## What the task requires
Each line from the first entry to the line with "Рис. 2.3. Варианты", both included, is to be returned unchanged, with any pictures dropped.

## Extracted information
•••

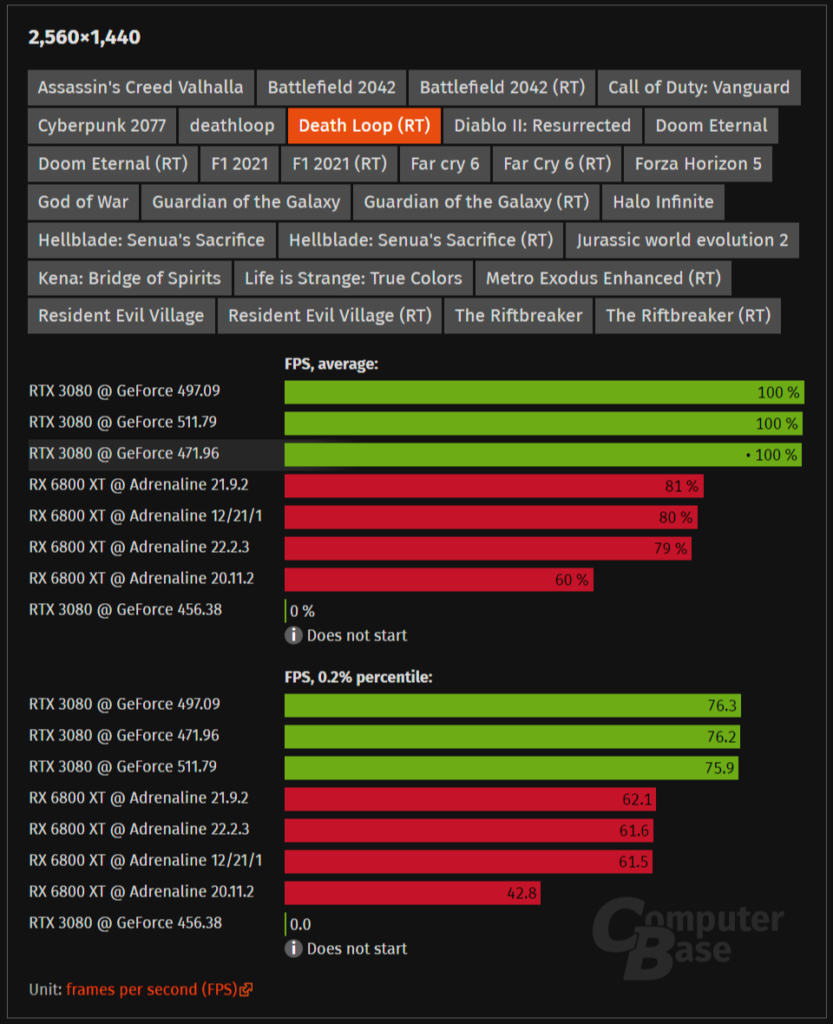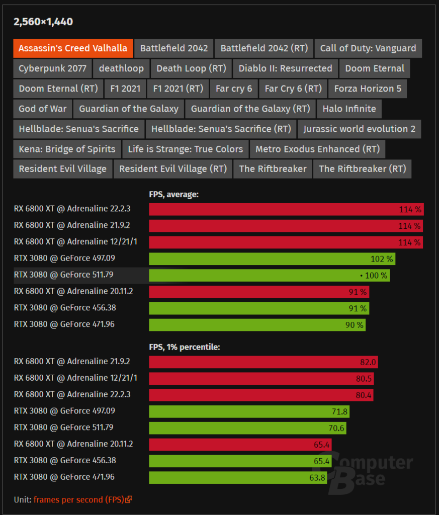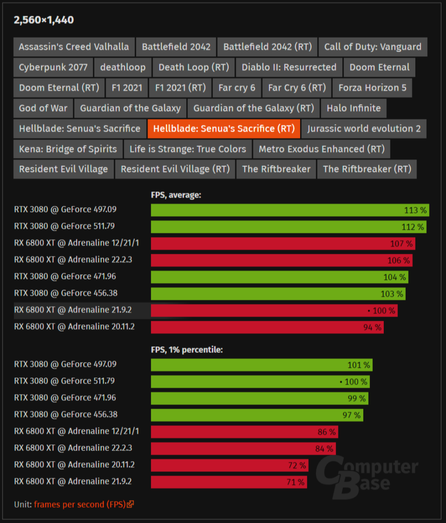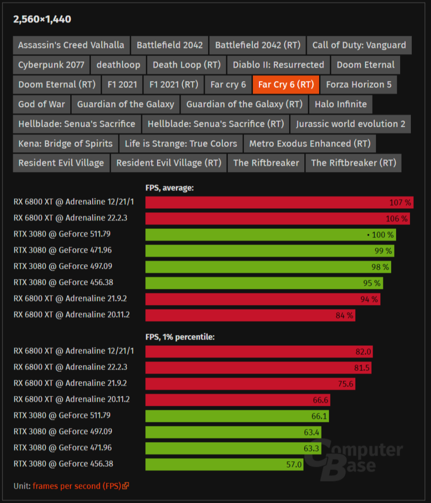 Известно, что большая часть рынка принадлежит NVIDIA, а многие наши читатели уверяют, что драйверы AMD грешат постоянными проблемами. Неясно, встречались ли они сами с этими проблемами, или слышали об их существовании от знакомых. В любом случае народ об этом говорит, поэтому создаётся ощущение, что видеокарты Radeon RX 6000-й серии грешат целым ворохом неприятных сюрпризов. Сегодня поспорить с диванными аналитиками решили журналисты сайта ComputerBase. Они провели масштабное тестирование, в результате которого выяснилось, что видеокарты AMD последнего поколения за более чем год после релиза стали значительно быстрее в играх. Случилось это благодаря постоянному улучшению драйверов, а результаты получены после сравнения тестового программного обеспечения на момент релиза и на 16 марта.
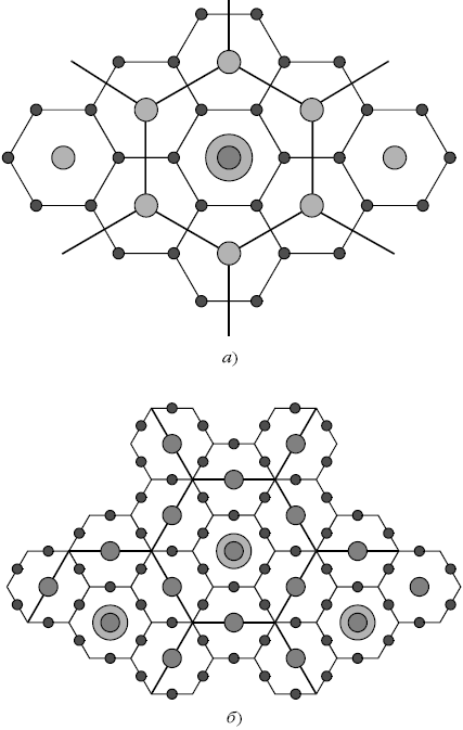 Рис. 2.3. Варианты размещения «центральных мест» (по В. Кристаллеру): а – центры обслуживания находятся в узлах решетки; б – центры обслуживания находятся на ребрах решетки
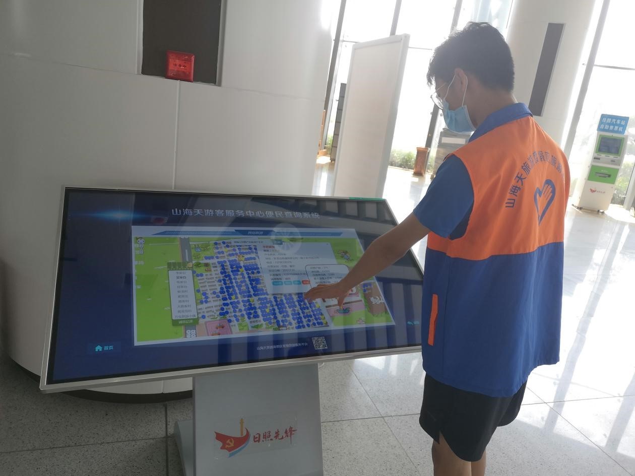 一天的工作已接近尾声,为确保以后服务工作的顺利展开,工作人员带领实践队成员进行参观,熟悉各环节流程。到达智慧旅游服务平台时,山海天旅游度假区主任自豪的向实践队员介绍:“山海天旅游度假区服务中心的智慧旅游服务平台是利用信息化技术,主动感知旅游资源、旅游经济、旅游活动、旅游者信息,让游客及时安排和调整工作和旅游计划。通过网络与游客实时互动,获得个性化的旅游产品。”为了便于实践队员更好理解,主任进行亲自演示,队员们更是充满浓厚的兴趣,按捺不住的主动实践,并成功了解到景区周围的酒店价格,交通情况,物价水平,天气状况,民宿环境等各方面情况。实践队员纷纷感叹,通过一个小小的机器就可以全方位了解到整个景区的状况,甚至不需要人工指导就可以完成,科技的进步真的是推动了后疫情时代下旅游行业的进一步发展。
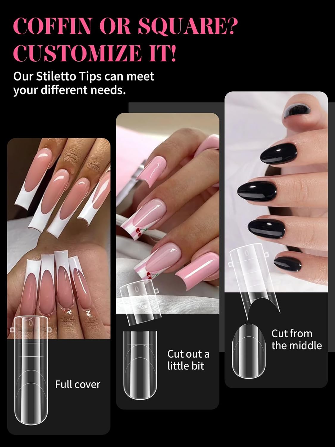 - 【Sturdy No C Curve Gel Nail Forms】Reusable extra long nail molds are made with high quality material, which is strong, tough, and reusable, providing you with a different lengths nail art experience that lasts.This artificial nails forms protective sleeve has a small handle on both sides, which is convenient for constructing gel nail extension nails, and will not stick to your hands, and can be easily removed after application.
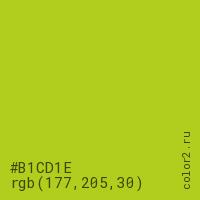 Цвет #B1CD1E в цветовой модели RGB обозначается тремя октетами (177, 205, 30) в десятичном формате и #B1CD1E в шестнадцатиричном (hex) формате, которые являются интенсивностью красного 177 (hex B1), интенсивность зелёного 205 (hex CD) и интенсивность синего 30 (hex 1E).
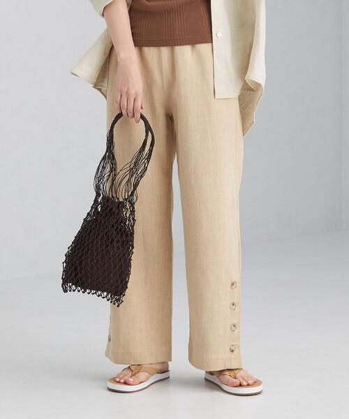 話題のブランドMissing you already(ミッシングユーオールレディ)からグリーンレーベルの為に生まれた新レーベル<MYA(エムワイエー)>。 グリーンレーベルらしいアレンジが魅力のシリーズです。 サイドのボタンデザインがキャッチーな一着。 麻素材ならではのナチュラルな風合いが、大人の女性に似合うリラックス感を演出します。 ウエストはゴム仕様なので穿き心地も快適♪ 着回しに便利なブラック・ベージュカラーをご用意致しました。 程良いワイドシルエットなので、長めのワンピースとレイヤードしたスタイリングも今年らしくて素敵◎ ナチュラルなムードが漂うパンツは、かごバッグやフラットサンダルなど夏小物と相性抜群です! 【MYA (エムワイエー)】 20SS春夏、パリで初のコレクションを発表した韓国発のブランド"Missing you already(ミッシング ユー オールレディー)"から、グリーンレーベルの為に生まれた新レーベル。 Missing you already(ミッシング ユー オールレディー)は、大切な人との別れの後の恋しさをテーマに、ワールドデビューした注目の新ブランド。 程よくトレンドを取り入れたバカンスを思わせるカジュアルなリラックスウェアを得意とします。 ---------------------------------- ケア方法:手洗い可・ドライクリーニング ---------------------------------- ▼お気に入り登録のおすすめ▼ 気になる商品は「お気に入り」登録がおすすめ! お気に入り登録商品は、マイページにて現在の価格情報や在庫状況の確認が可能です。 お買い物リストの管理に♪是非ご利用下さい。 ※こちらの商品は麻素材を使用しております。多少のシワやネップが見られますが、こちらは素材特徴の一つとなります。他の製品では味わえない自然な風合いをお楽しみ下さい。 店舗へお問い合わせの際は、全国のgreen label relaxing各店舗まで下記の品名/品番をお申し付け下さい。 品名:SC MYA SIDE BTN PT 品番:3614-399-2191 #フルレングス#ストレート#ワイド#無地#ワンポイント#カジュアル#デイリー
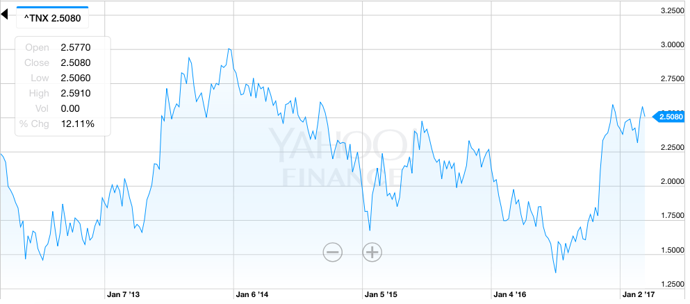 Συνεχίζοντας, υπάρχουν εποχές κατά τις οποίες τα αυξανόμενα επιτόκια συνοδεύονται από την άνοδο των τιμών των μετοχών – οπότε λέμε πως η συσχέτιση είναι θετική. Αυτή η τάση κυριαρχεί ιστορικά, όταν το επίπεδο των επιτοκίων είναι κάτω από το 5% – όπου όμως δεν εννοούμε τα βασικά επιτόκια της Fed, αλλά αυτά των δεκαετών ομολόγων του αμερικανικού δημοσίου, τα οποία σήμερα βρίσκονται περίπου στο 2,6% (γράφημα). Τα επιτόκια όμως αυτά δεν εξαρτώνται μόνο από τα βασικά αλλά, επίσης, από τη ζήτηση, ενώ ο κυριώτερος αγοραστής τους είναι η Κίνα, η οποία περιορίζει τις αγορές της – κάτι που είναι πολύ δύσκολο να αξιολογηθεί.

•••

## Written response
 Известно, что большая часть рынка принадлежит NVIDIA, а многие наши читатели уверяют, что драйверы AMD грешат постоянными проблемами. Неясно, встречались ли они сами с этими проблемами, или слышали об их существовании от знакомых. В любом случае народ об этом говорит, поэтому создаётся ощущение, что видеокарты Radeon RX 6000-й серии грешат целым ворохом неприятных сюрпризов. Сегодня поспорить с диванными аналитиками решили журналисты сайта ComputerBase. Они провели масштабное тестирование, в результате которого выяснилось, что видеокарты AMD последнего поколения за более чем год после релиза стали значительно быстрее в играх. Случилось это благодаря постоянному улучшению драйверов, а результаты получены после сравнения тестового программного обеспечения на момент релиза и на 16 марта.
 Рис. 2.3. Варианты размещения «центральных мест» (по В. Кристаллеру): а – центры обслуживания находятся в узлах решетки; б – центры обслуживания находятся на ребрах решетки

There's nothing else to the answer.